Published online by Cambridge University Press: 23 October 2020
In this brief meditation i am less concerned with how tragedy as a theatrical form relates to democracy than with how democracy entails a tragic politics, in its ancient and contemporary manifestations. My broader argument follows from three presuppositions:
Philosophically speaking, democracy is a historical manifestation of self-organized politics that rests on no foundation other than self-authorization, which, being occasional and provisional, has no antecedent and is therefore abyssal.
Politically speaking, democracy requires an imaginary of rule without archē or telos—an an-archic imaginary that disengages itself from traditional parameters of the command-obedience structure. This isn't to say that democracy entails no rule.
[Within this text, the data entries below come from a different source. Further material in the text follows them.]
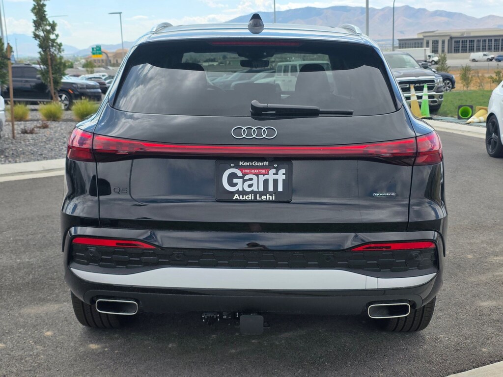 Mythos Black Metallic 2025 Audi All-new Q5 2.0T Premium Plus quattro quattro 7-Speed Automatic S tronic 2.0L 4-Cylinder TFSI 10 Speakers, 4-Wheel Disc Brakes, ABS brakes, Air Conditioning, Alloy wheels, AM/FM radio: SiriusXM w/ 360L, Auto High-beam Headlights, Auto tilt-away steering wheel, Auto-dimming door mirrors, Auto-dimming Rear-View mirror, Automatic temperature control, Brake assist, Bumpers: body-color, Compass, Delay-off headlights, Driver door bin, Driver vanity mirror, Dual front impact airbags, Dual front side impact airbags, Electronic Stability Control, Emergency communication system: Audi connect CARE, Exterior Parking Camera Rear, Four wheel independent suspension, Front anti-roll bar, Front Bucket Seats, Front Center Armrest, Front dual zone A/C, Front fog lights, Front reading lights, Garage door transmitter: HomeLink, Genuine wood console insert, Genuine wood dashboard insert, Genuine wood door panel insert, Heated door mirrors, Heated Front Bucket Seats, Heated front seats, Illuminated entry, Leather Seating Surfaces, Leather steering wheel, Low tire pressure warning, Memory seat, Navigation system: Audi Navigation Plus, Occupant sensing airbag, Outside temperature display, Overhead airbag, Overhead console, Panic alarm, Passenger door bin, Passenger vanity mirror, Power door mirrors, Power driver seat, Power Liftgate, Power passenger seat, Power steering, Power windows, Radio data system, Radio: MMI Navigation Plus, Rain sensing wipers, Rear air conditioning, Rear anti-roll bar, Rear fog lights, Rear reading lights, Rear seat center armrest, Rear window defroster, Rear window wiper, Remote keyless entry, Roof rack, Security system, Speed control, Speed-sensing steering, Speed-Sensitive Wipers, Split folding rear seat, Spoiler, Steering wheel mounted audio controls, Tachometer, Telescoping steering wheel, Tilt steering wheel, Traction control, Trip computer, Turn signal indicator mirrors, Variably intermittent wipers, Wheels: 18 5-Arm-Twist Design.22/30 City/Highway MPGAdvertised Prices do not include any dealer installed options and advertised prices exclude leases.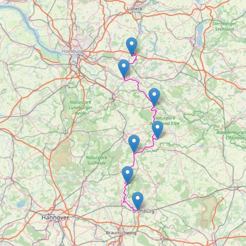 Im Herbst 1999 habe ich begonnen den E6 vom Trennungspunkt E1/E6 in Güster mit südliche Richtung zu wandern. Anfang 2000 habe ich dann zunächst eine Riesenetappe von Leitstade nach Lauenburg geschafft, um dann im Frühjahr jeweils eine Zweitagestour von Leitstade nach Bad Bodenteich und von Bad Bodenteich nach Fallersleben zu wandern. Im Jahr 2007 hatte ich noch einmal die Möglichkeit von Leitstade aus in südliche Richtung zu wandern und dabei den neuen Wegverlauf im Bereich des Jagdschlosses Göhrde kennenzulernen. Diesen neuen Wegverlauf habe ich in die Beschreibung der Etappe von Leitstade nach Clenze eingearbeitet. Inzwischen habe ich erfahren, dass der Wegverlauf von Göhrde in Richtung Bad Bodenteich erheblich verlegt wurde. Vielleicht kann ich dort in Zukunft noch ein wenig den Wegverlauf erkunden. Die gemessene Wanderstrecke von Güster nach Fallersleben beträgt ca. 234 Kilometer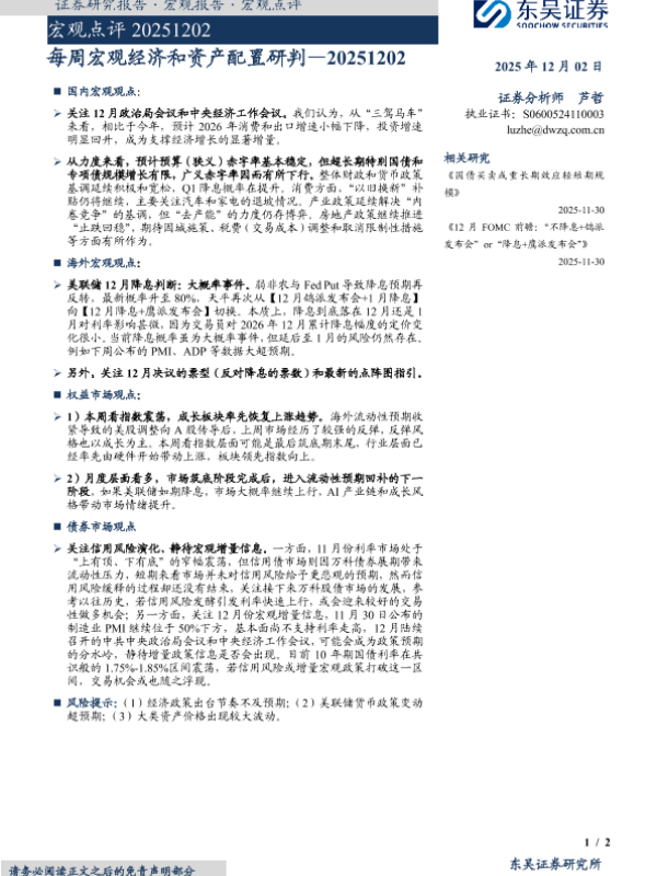 【东吴证券】【202512】每周宏观经济和资产配置研判—20251202-2页 证券期货研究报告
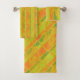 Colorful bath towel set with yellow, orange, lime green pattern will brighten up your bathroom.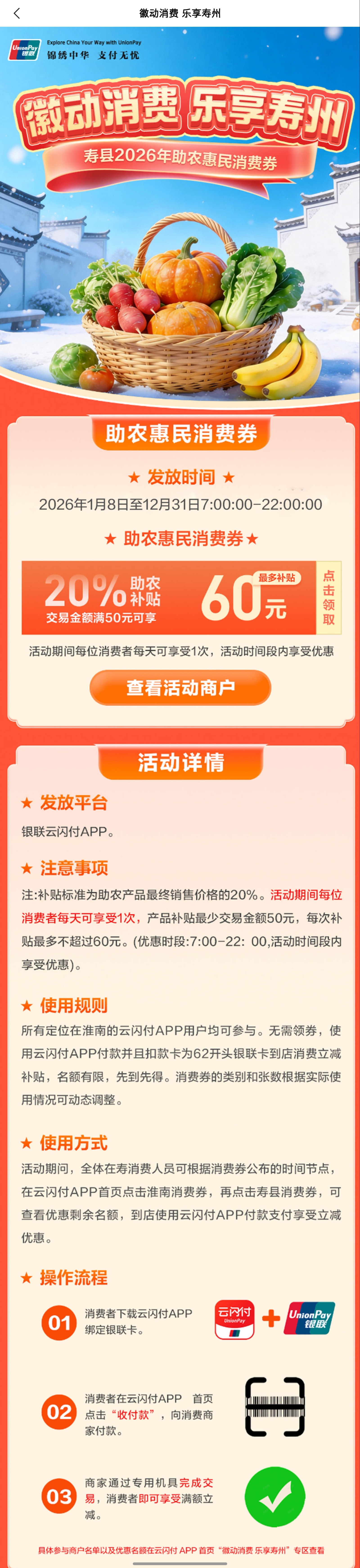 (3)商家收款成功完成交易,消费者即可享受优惠。(具体参与商户名单以及优惠名额在云闪付APP首页“徽动消费 乐享寿州”专区查看)。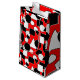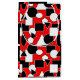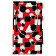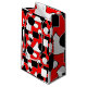 This gift bag has a Bauhaus design of triangles, circles, rectangles, and pentagons in black and white on a field of red.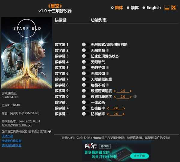 简体、繁体、English,可以切换语言 (切换语言后修改器将把该语言设置为默认语言)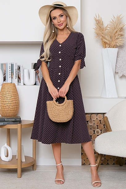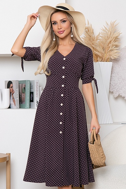 Платье из текстильного полона в горошек приталенного силуэта с фигурным поясом и расклешенной юбкой.Центральной застежкой на пуговицы до низа.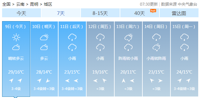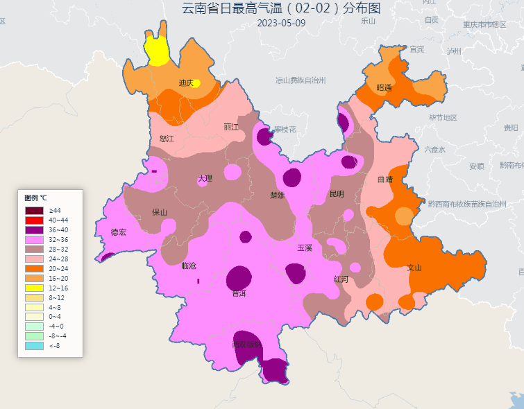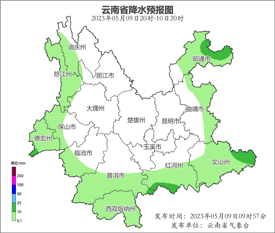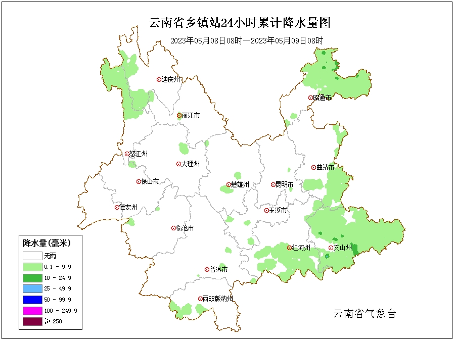 05月09日20時到05月10日20時:昭通、曲靖東部、文山、紅河南部、普洱南部、西雙版納、臨滄西部、德宏、保山西部、怒江、迪慶西部多云有陣雨局部中雨,其它地區(qū)晴間多云。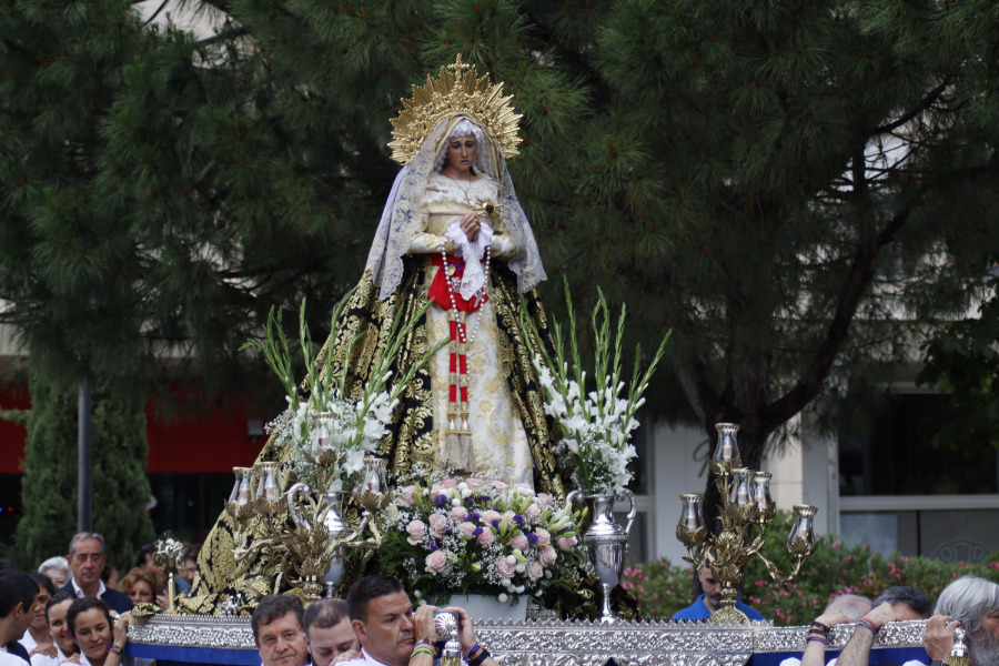 A la hora indicada dio comienzo el acto para que la advocación de Nuestra Señora  de la Soledad, engalanada para la ocasión con un nuevo rosario, un bello manto y una majestuosa toca, donadas por una hermana de esta Hermandad, y el manto confeccionado por Doña Ana Montero camarera de la Virgen, iniciara el camino hacia su destino como manda la tradición.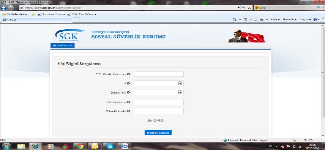 1- https://esgm.sgk.gov.tr/Esgm/LoginT.action linkine tıklayarak aşağıdaki bilgiler girilir.

On the contrary, it engages in the paradoxical practice of anarchic rule, or rule shared by all (even those in opposition), so that the traditional division of power between rulers and ruled is destabilized.
Ethically speaking, there is nothing good or bad about democracy; all moral imperatives are foreign, perhaps even contrary, to democracy. Hence, democratic politics operates in an ethical realm without categorical imperatives, a priori principles, or transcendental guarantees and is thereby constitutively perilous and precarious. Democracy involves a tragic imaginary, enacting a politics of tragic life that includes folly without heroic salvation and demands lucidity in conditions of total uncertainty.